In the Gulf and Saudi Arabia, the shock of vulnerability to the Shaheds and Iran’s missiles has opened a door to Kiev’s military presence. The damage done by Iran, aided by Russia and China, was widespread enough – despite the expensive defense provided by the US – to threaten the entire Gulf economic model for the foreseeable future. Ukraine’s involvement provides expertise not only defensively against the Shaheds, but an affordable counter-threat of massive waves of precision strikes against Iranian targets.
Another fundamental innovation, which no one has yet considered in the future of warfare, is that Ukraine has adapted the use of drones to essentially replace the need for boots on the ground – effectively drone warfare instead of ground warfare. We have seen this applied in many ways, such as targeting soldiers in trenches, tree lines, houses, cars and many other places where until now ground troops were needed for the job. In fact, the old house-to-house fighting or even the practice of street patrolling will no longer be necessary.
This particular discovery would crucially change the US military’s impasse in Iran, for example, where they failed to pressure the regime after massive devastation from aerial bombardment because the next step would require an invasion. In fact, it is Israel’s equivalent of mass extermination of Hezbollah elements in Lebanon via their cell phones. Except this is not a single coup, but a strategy of a sustained campaign – one that would overcome Washington’s paralysis in confronting the Iranian regime.
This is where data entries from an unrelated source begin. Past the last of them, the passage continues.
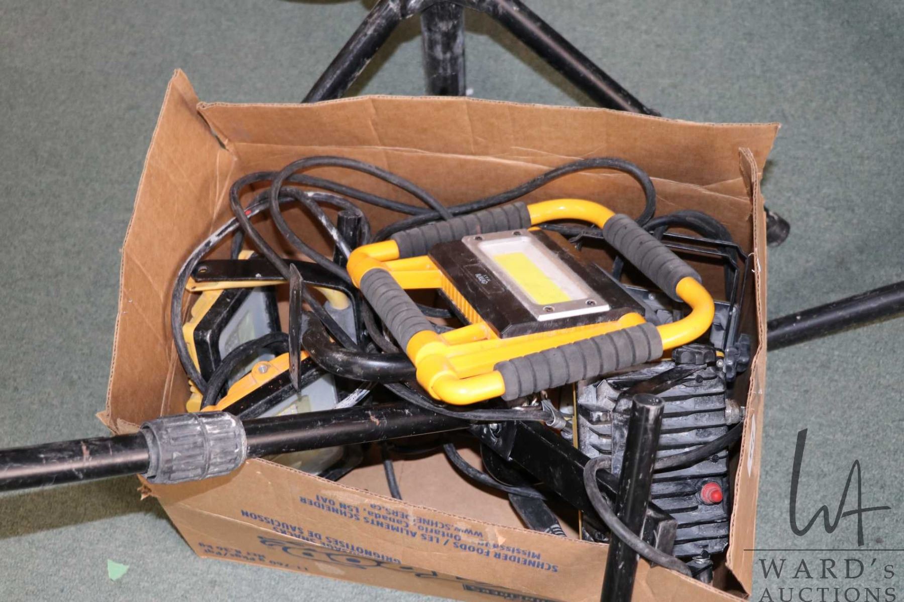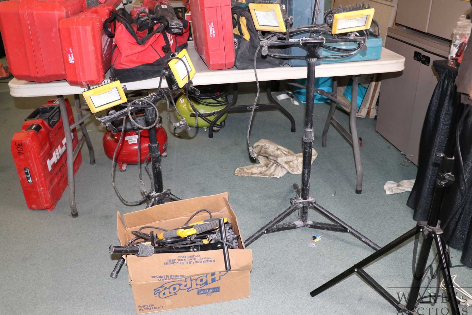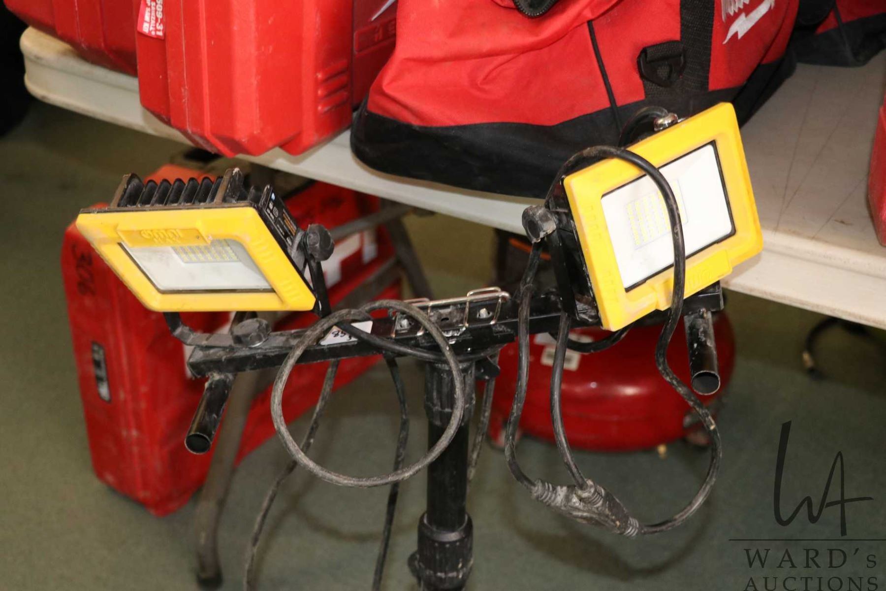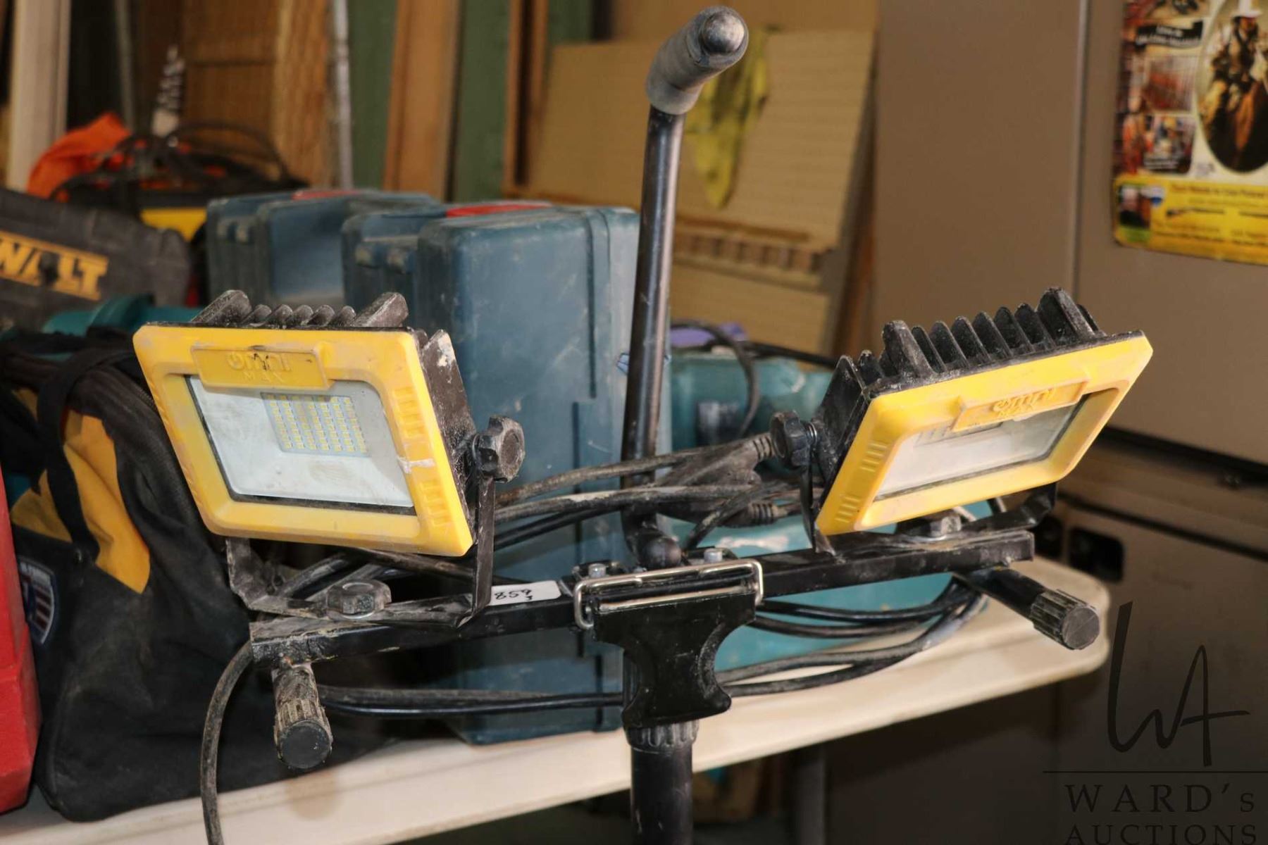 Selection of LED work lights and stands, all working
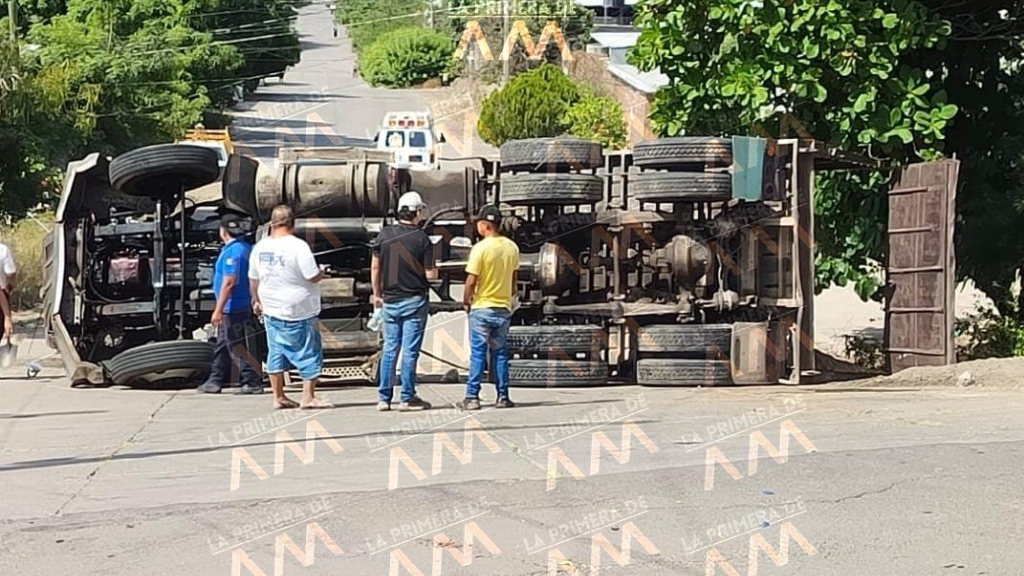 Apatzingán, Michoacán, 12 de Noviembre del 2025 – Un camión tipo volteo de color rojo, volcó alrededor de las 10:40 horas en la Av. Constituyentes esquina con la calle Félix Palavicini, de la colonia Lomas de Palmira.
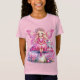 Una hada rosa bonito y su lindo gatito están sentados en un hongo en un bosque encantado.
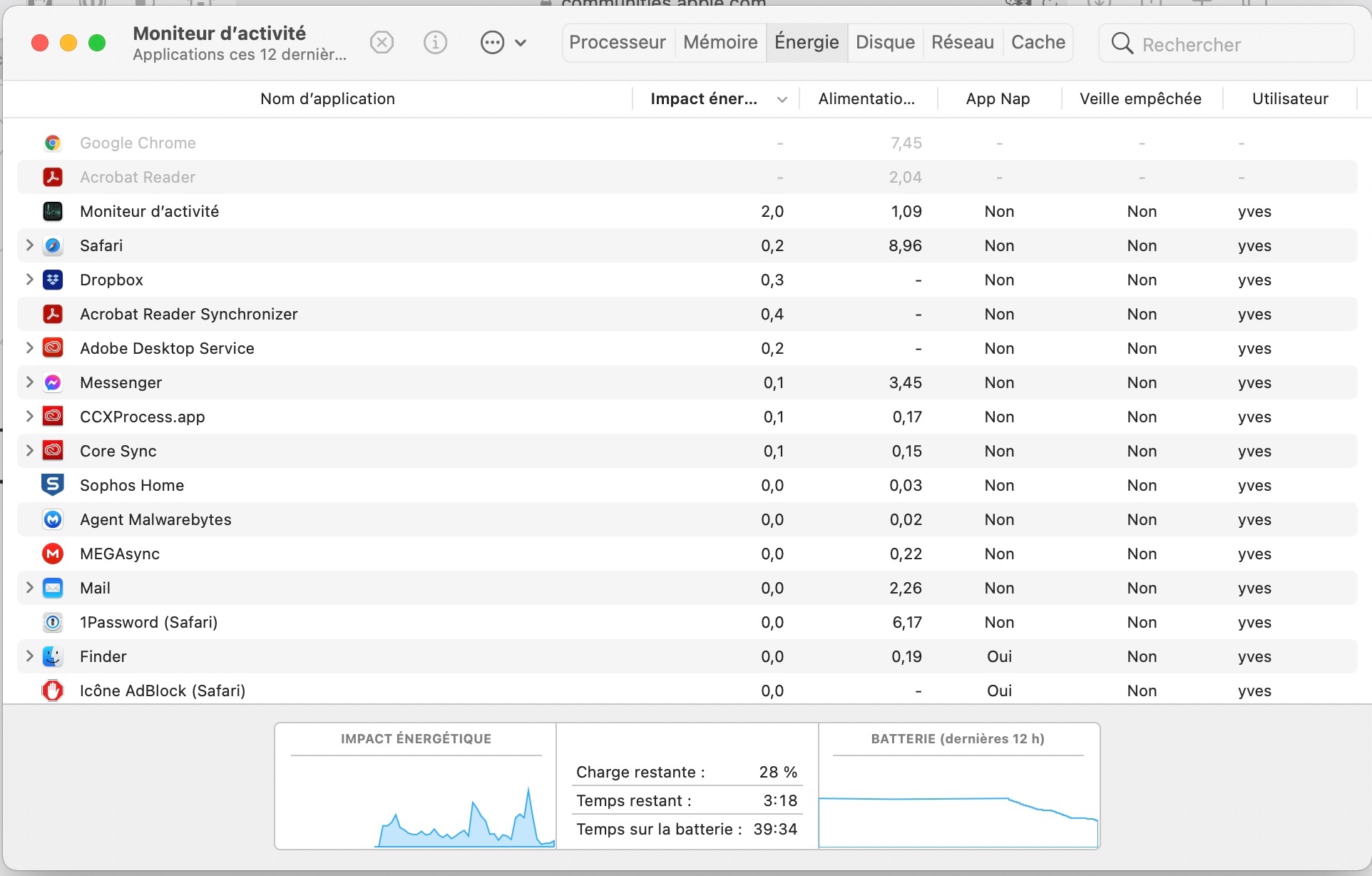 j'ai récemment fait l'acquisition de mon MacBook Air 13 M1 mais depuis quelque temps je remarque que la batterie se décharge très vite je passe de 100% a 85% en a peine 20min d'utilisation. je suis beaucoup sur safari qui consomme mais je trouve cela un peu fort. Pourtant au début je n'avais pas ce problème mais depuis la dernière MAJ je constate une baisse rapide de la batterie. Je ne joue pas à des jeux c'est plus bureautique mon utilisation
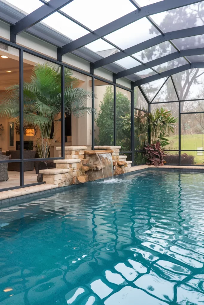 Enclosed Pool with Waterfall Feature
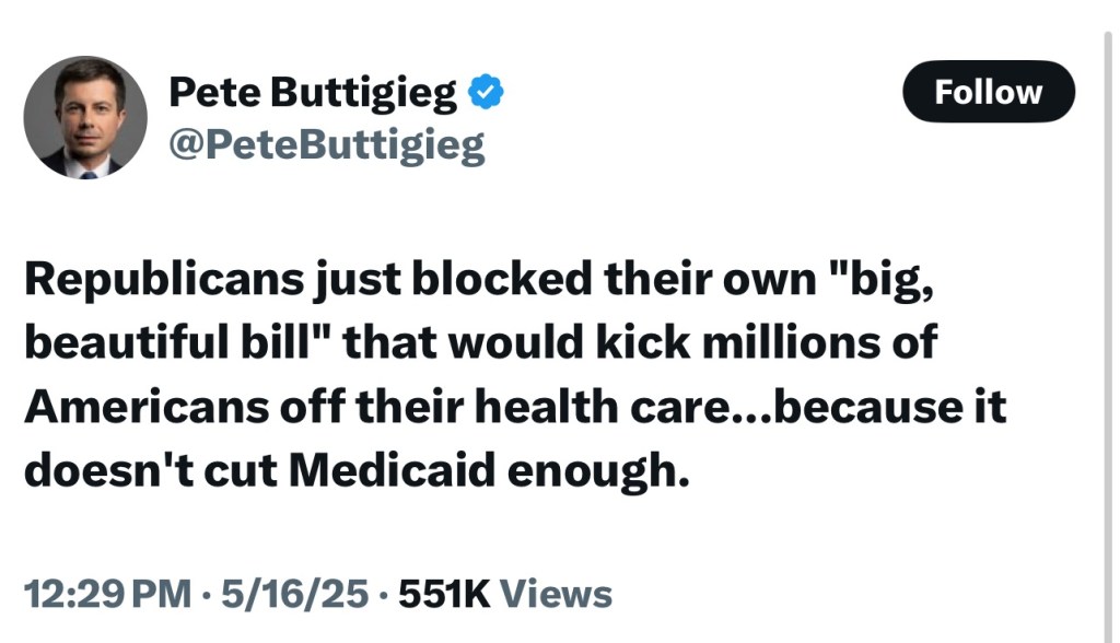 “Just got word that Secretary Noem is asking for an addition to her budget – a new private Gulfstream 5 jet for her personal national photo op tour. She’s already got a private plane but wants a tricked out new one. All while she supports kicking 13 million people off Medicaid.” ~ Senator Chris Murphy

The principle of the US military in the region does not apply only to Iran. Recent reports indicate that many of the missiles that hit Gulf facilities came from pro-Iranian elements inside Iraq. The perpetrators melted into city streets or garages. Mobile or small cluster targets hiding in populated areas are much better dealt with by drones, causing minimal damage to the environment, especially when it comes to a nominally friendly country like Iraq.
Above all, the presence of the Ukrainian Gulf means it can reach across continents to neutralize Moscow’s international strategic depth by striking directly at Iran, Russia’s staunchest partner in the war against Ukraine. In the Baltics and Taiwan, similar agreements with Ukraine are underway.
Russia’s sheer size, stretching from the Atlantic to the Pacific, the North Pole to the Middle East, means it can bring allies from one end of the world to conflicts on the other. North Korean troops, for example, or war material from China, for use in Ukraine. Moscow is waging a global war, even if Western countries do not recognize it. Ukraine is the only country that faces the challenge head-on. Ukraine’s global drone diplomacy allows it to orchestrate its strategic needs in ways previously reserved for superpowers.